Other agents have been explored as adjunctive to conditioning chemotherapy. Rituximab with BEAM has been reported in a single-center retrospective study with 78% disease-free survival at 3 years, 94% 3-year OS, and no impact on outcome by CD20 status suggesting perhaps multiple mechanisms of action (68). Tandem autoHCT comprising of conditioning with two different myeloablative regimens, such as high-dose melphalan for first autoHCT followed by BEAM or TBI conditioning for second autoHCT, has been explored in high-risk patients in risk-adapted, non-randomized trials to improve long-term autoHCT outcomes (69–71). Interpretation of outcomes is limited at present with maintenance treatment after autoHCT now commonplace for these high-risk patients. Tandem autologous transplant has fallen out of favor and is not recommended by the American Society for Blood and Marrow Transplantation (72).

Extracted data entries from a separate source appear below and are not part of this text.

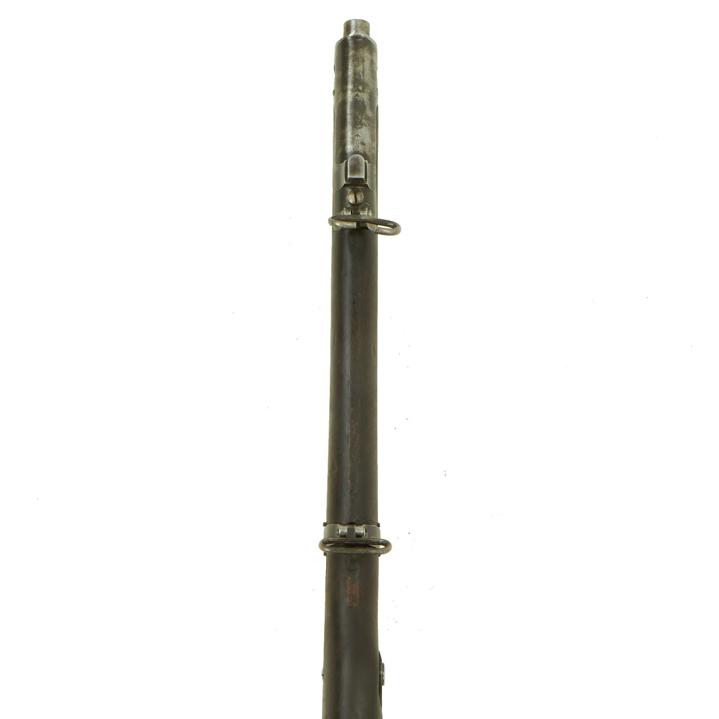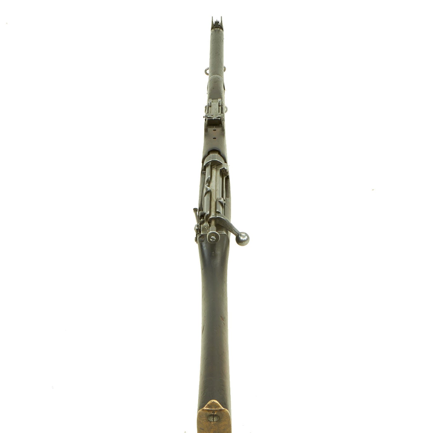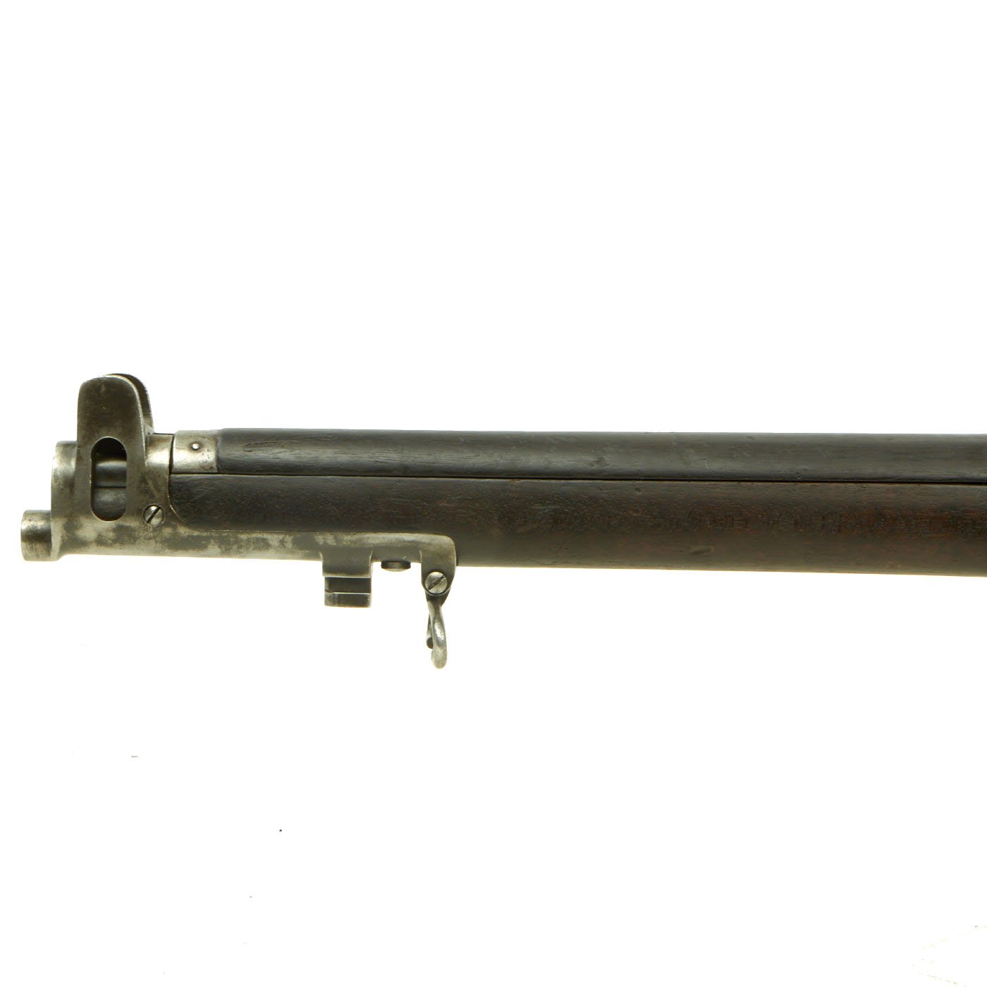 It was originally fitted with long range volley sights, and unlike most examples we have seen, this still has them intact! It also has the EARLIEST version of the lower hand guard, incorporating steel wings screwed directly into the wood. Really a great piece of history here! We have had several of these in the past, but unfortunately those days are gone, and this is possibly the last one we will ever have!
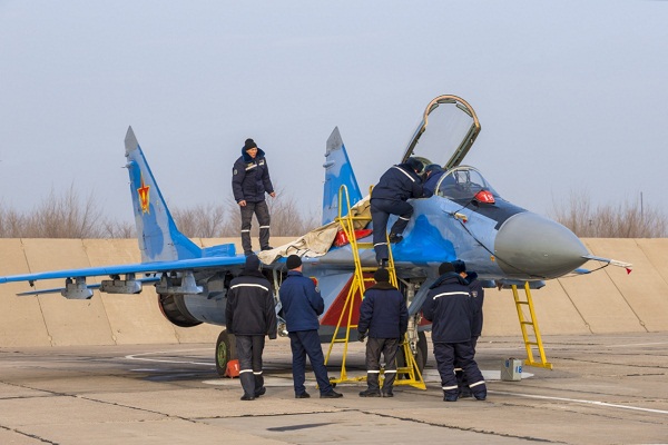Истребители МиГ-29 стоят на круглосуточном боевом дежурстве. Самолёт предназначен для короткого воздушного боя на ближних дистанциях, а частности, они должны работать по объектам несанкционированно вторгшимся в наше воздушное пространство с южного направления.
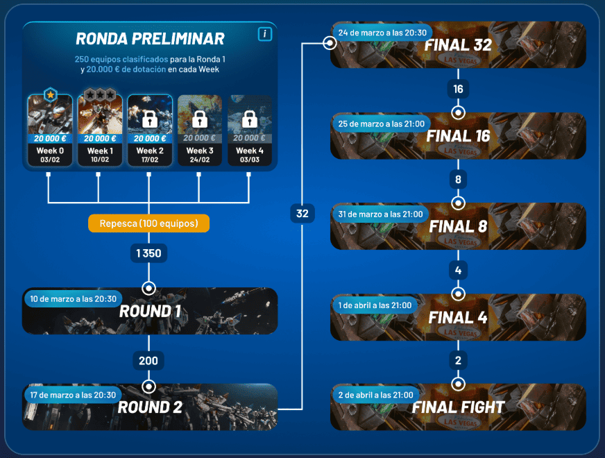 La primera fase se juega entre el 3 de febrero y el 3 de marzo, con torneos cada martes.

While TBI conditioning was used in 545 patients included in the previously mentioned CIBMTR analysis (59), radiation plays a limited role in conditioning regimens employed in autoHCT for cHL patients with concerns for cardiac and pulmonary toxicity and risks of secondary malignancies. TBI as a part of conditioning has been shown to have increased risk of overall 2-year mortality (HR 1.51, 95% CI 1.09-2.08, p=0.013) and 2-year NRM (HR 1.51, 95% CI 1.01-2.25, p=0.43) based on an additional analysis of CIBMTR data (73). TBI should only be considered in select circumstances in which patients remain in PR involving extranodal and/or bone marrow sites despite all available salvage options (53).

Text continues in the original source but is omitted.